Ist Evelyn Burdecki also gar nicht das Dummchen, für das sie sich ausgibt? Mit der öffentlichen Verwirrung um ihren Intellekt kokettiert sie immer wieder – und gießt weiter Öl ins Verschwörungstheorie-Feuer. Mehrfach betont sie, dass sie Fachabitur habe: “So dumm kann ich also gar nicht sein.” In Physik schaffte es die 30-Jährige auf ganze 12 Punkte. Wie lässt sich das mit ihrer scheinbaren Unfähigkeit vereinbaren, einfachste logische Zusammenhänge nicht zu verstehen? Evelyn selbst gibt an, sie hätte einfach “liebe Lehrer” gehabt, die ihr die ein oder andere Sache hätten durchgehen lassen. Ob auch hier das “Kindchenschema” gegriffen hat?

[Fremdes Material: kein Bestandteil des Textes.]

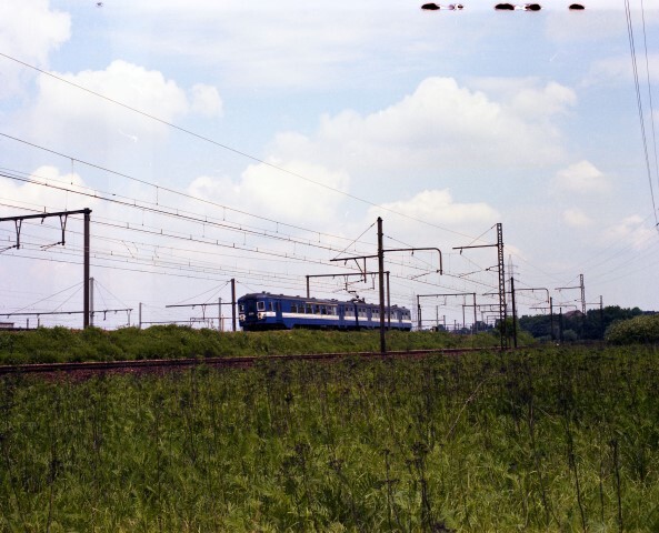 BeschrijvingDeze fotogroep bestaat uit twee negatieven. Ze tonen motorstel 595 op weg naar Brussel. Het treinstel is blauw geschilderd met een brede witte band.
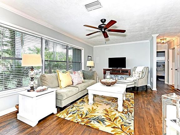 Classic Florida 3 bedroom + den / 3 bath ranch in this central Bradenton location with easy access to Sarasota International Airport, world class shopping & dining at UTC Mall and I-75 to Tampa/St Pete and Sarasota. Award winning Gulf beaches are a short drive away. Inviting slated patio entry with complimentary hand crafted shutters and framing columns. Professionally painted interior and exterior. Designer details include 4" baseboards, crown molding, raised panel doors throughout as well as bright bead board in both baths and board and batten in living room and foyer adding character and style. Meticulously refinished original hardwood oak floors throughout the living room, dining room, hallways and 2 guest bedrooms. Oversized master bedroom en suite with brand new hardwood flooring and travertine bathroom floor and vanity. Kitchen features 42' cabinets, tumbled marble backsplash, granite countertops and tile flooring. Structural upgrades include: Newer windows in bedrooms, baths and kitchen, roof with architectural shingles, A/C and electric panel box in the past few years. Den could be fourth bedroom en-suite with kitchenette and separate entrance/driveway is ideal for extended family as an in-law apartment, nanny's quarters or home office. French doors lead from dining room to private courtyard patio with hot tub hook-up. Home is situated on tropically landscaped and fenced 1/3 acre corner lot. Ample room for oasis style pool and spa. RV/Boat parking too
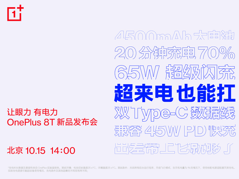 9月25日,一加手机宣布即将发布的一加8T将搭载65W超级闪充,配合4500mAh大电池,仅需20分钟就能充电70%,充电快、续航久。一加8T标配全新的双Type-C口数据线,它不仅支持65W超级闪充,还兼容45W的PD快充。出门在外,只用带一套充电器就能为一加8T、电脑、平板等多种设备迅速补充电量。
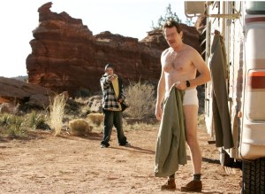 Breaking Bad starts off with Walter White’s pants floating in the air. Walter, without pants (or shirt) and wearing a respirator, is recklessly driving an RV with three bodies inside. One also sports a respirator. Two are face down on the floor.
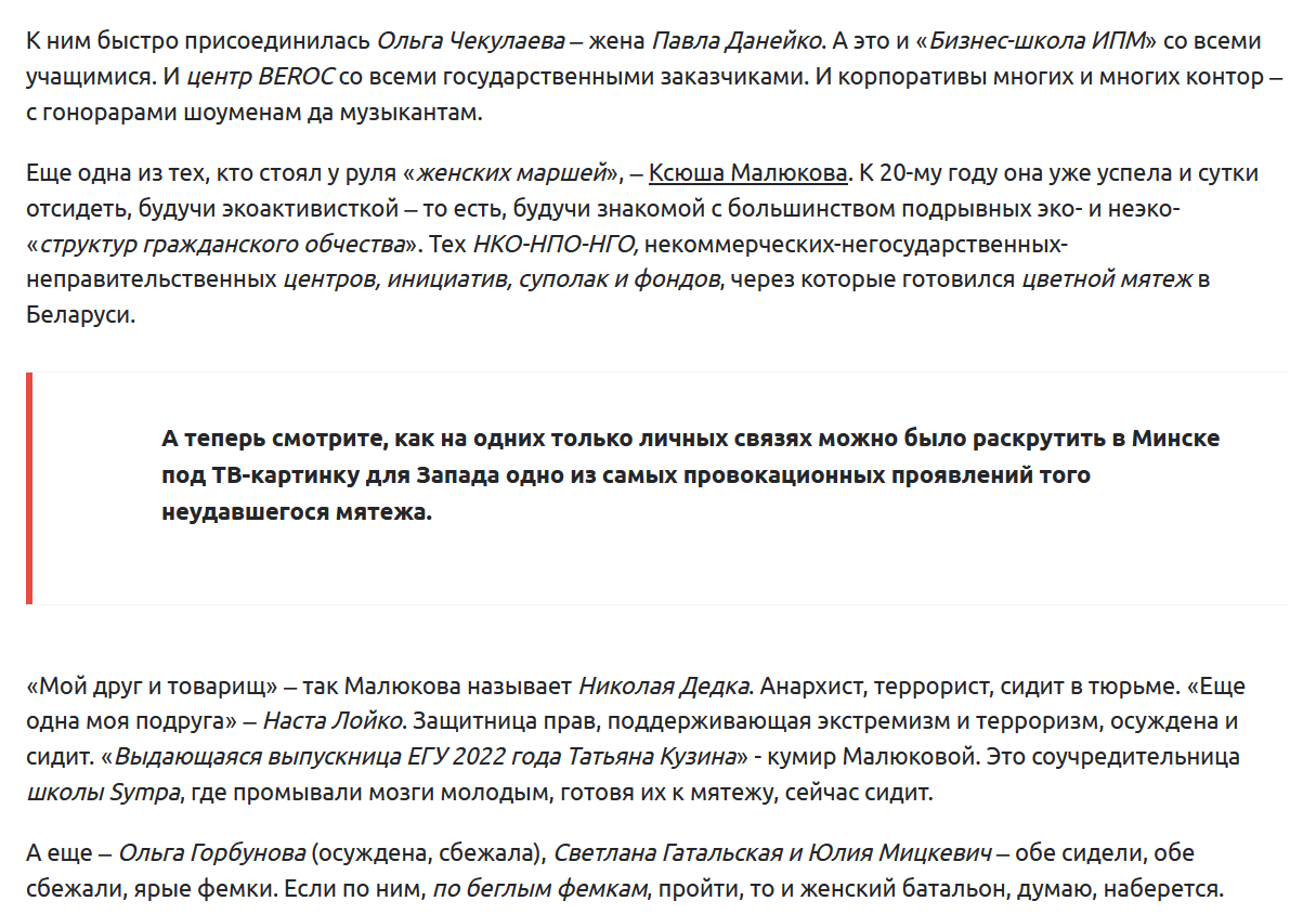 - **Doubt (Сомнение)**: Текст вызывает сомнения относительно легитимности и мотивов людей, упоминаемых в нем, таких как Анжелика Мельникова и Ксюша Малюкова. Автор называет их «экстремистками» и «террористами», что создает негативный образ и подрывает доверие к ним без предоставления убедительных доказательств.

“Eine bessere Note aus Kulanz habe ich wohl noch nie gegeben, aber wohl aus pädagogischen Erwägungen heraus. Um einen etwas schlechteren Schüler zu motivieren”, sagt Michael Hering. Er ist Lehrer am OSZ Handel 1 in Berlin-Kreuzberg und lässt sich von weitaufgerissenen Augen und naiven Nachfragen nicht blenden. Und auch wenn er nicht für alle Schulen sprechen kann, sagt Hering: “Natürlich versuchen wir, die Mühe, die sich jemand gibt, auch in eine Note zu gießen. Aber um eine wirklich gute Bewertung zu bekommen, ist es bei mir wohl so wie bei meinen Kolleginnen und Kollegen: Bemühen allein reicht nicht.”
Was für die Schulzeit gilt, lässt sich auch auf den harten Alltag des Z-Promi-Daseins übertragen. Selbst wenn es sich bei dieser Dummchen-Nummer von Evelyn also um einen PR-Trick handeln sollte – irgendwann muss sich die ehemalige Bachelor-Kandidatin etwas Neues überlegen.
Denn vielleicht wird man mit sympathischer Blödheit Dschungelkönigin, wenn man Glück hat, darf man danach nochmal zu Promi Shopping Queen, das wars dann aber auch schon mit der großen Trash-Karriere. Weil die Flut an ehemaligen Datingshow-Kandidatinnen nicht abreißt und die eben auch wissen, wie weit sie die Augen aufreißen müssen, damit die Kamera auf ihnen bleibt.